POUSSIN, Nicolas
(b. 1594, Les Andelys, d. 1665, Roma)

Summer (Ruth and Boaz)

1660-64
Oil on canvas, 118 x 160 cm
Musée du Louvre, Paris

The Seasons, the four canvasses of Poussin's late period now in the Louvre, are an even more extreme personal statement than the Landscape with Diana and Orion. They are the supreme expression, not in this case of mind over eye, but of praise for the beauty and grandeur of nature, now ordered by man, and now defeating man. Spring is luxuriant, Summer a fecund harvest, Autumn the gathering of mellow grapes and Winter the terrible deluge in which all mankind is overwhelmed and destroyed.

The biblical story depicted in Summer is the following.
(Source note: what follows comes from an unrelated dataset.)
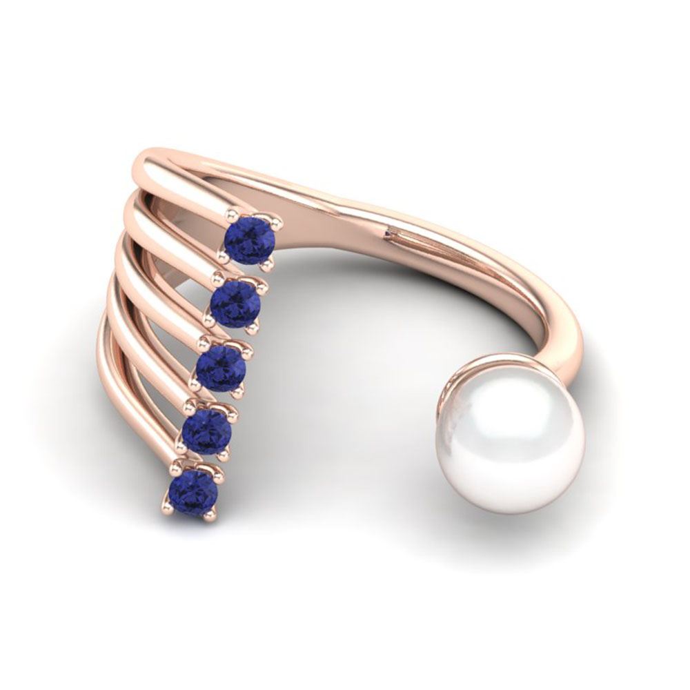 REF-25M2G - SKU: 20861 ---- 0.75 ctw Tanzanite & White Pearl Designer Ring 14k Rose Gold

Ruth was a Moabite woman and great-grandmother of David, and therefore an ancestress of Christ, hence her place in Christian art. She was married to a Hebrew immigrant in Moab and after his death left her native land and went with her mother-in-law Naomi, to Bethlehem. Here she was allowed to glean the corn in the fields belonging to Boaz, a rich farmer and kinsman of Naomi. Ruth, true to her nature, maintained, on Naomi's advice, a modest demeanour among the young men working at the harvest. One night she went and lay at the feet of Boaz as he slept in the field. By this act Boaz saw her virtue and later decided to assume responsibilities towards her of a kinsman. In due course he married her.